Let $(M_t)_{t \in \mathbb R^+}$ be a continuous martingale with regard to a filtration $(\mathcal F_t)$ generated by a continuous stochastic process $(Y_t)$.

Is it true that there exists a Brownian motion $(B_t)$ adapted to $(\mathcal F_t)$ and a stochastic process $(X_t)$ such that $M_t=M_0+\int_0^t X_s d B_s$ ?

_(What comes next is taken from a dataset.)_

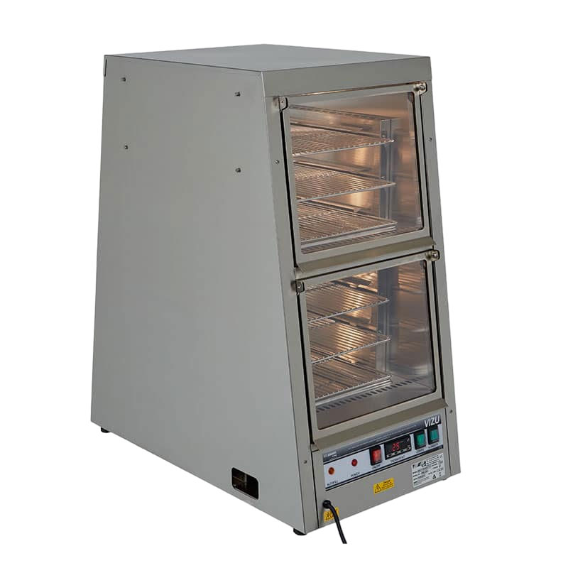 La vitrine chaude 2 portes VIZU (modèle VI400PTMS) est conçue pour présenter et maintenir chauds une variété d'aliments dans un environnement commercial tel qu'un restaurant, une cafeteria ou une boulangerie.

This is nearly the martingale representation theorem: Let $(B_t)$ be a standard Brownian motion defined on a probability space $(\Omega, \mathcal{F}, \mathbb{P})$ and $\left\{\mathcal{F}_{t}\right\}_{t \geq 0}$ be its natural filtration. Then, every $\left\{\mathcal{F}_{t}\right\}$-local martingale $M$ can be written as \begin{equation*} M_t=M_{0}+\int_0^t \xi_s d B_s \end{equation*} for a predictable, $B$-integrable, process $\xi$ (statement taken from: https://almostsuremath.com/2010/05/25/the-martingale-representation-theorem/).

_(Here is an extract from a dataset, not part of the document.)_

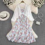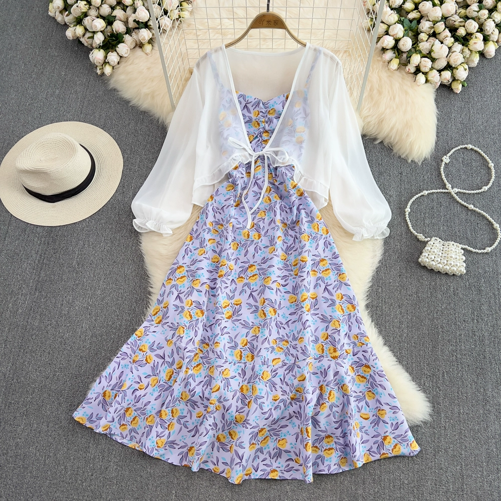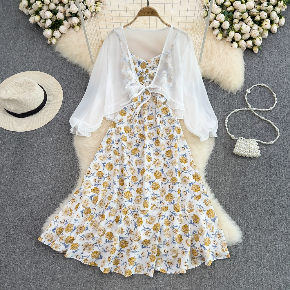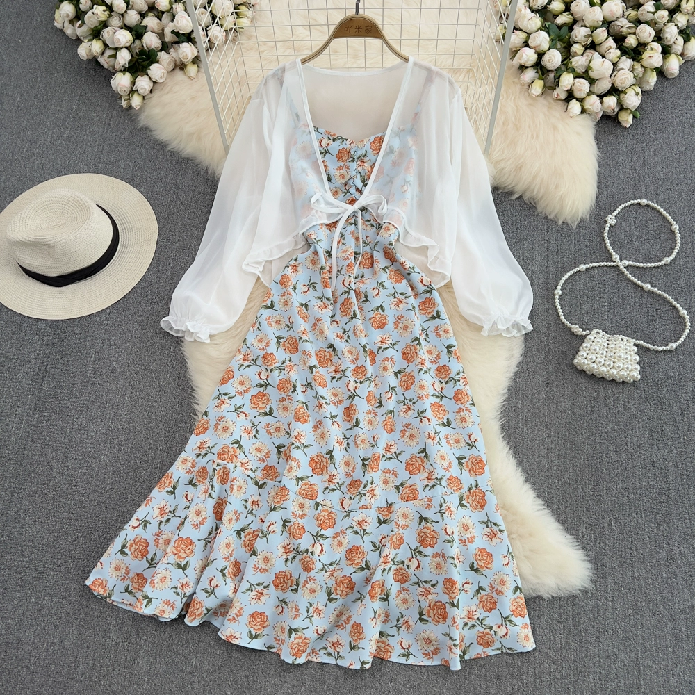 Small fresh backless dress chiffon floral suspender belt

In my statement, $(\mathcal F_t)$ is not necessarily generated by Brownian motion. Does it still work?

  • 3
    $\begingroup$ My intuition says no. $\endgroup$
    – user545426
    Commented Feb 14, 2022 at 19:05

1 Answer 1


If a continuous martingale $(M_t)_{t\in\mathbb{R}_+}$ could be written as a stochastic integral with respect to Brownian motion $(B_t)$: \begin{equation*} M_t=M_0+\int^t_0 X_s\,\text{d}B_s, \end{equation*} where $X$ is predictable. Then \begin{equation*} \langle M\rangle_t=\int_0^tX_s^2\,\text{d}s. \end{equation*} Furthermore, from above equality and Radon-Nikodym theorem, for Lebesgue measure $\lambda$, \begin{equation*} \text{d}\langle M\rangle \ll \text{d}\lambda. \quad(\text{absolute continuous of measures})\tag{1} \end{equation*} Now suppose $F$ is a continuous increasing function with $F(0)=0$ and $\text{d}F\bot\text{d}\lambda$(mutual singular), then there exist $\{Z(t), t\ge 0\}$ a continuous Gaussian process with \begin{equation*} \mathsf{E}[Z_t]=0,\qquad \mathsf{E}[Z_sZ_t]=F(s\wedge t), \quad s,t\ge0. \end{equation*} Since $Z$ is a continuous process with independent increments and $\mathsf{E}[Z_t]=0 $, hence $Z$ is also a continuous martingale with $\langle Z\rangle =F $, it doesn't satisfy (1), so continuous martingale $Z$ doesn't be written as a stochastic integral w.r.t. BM.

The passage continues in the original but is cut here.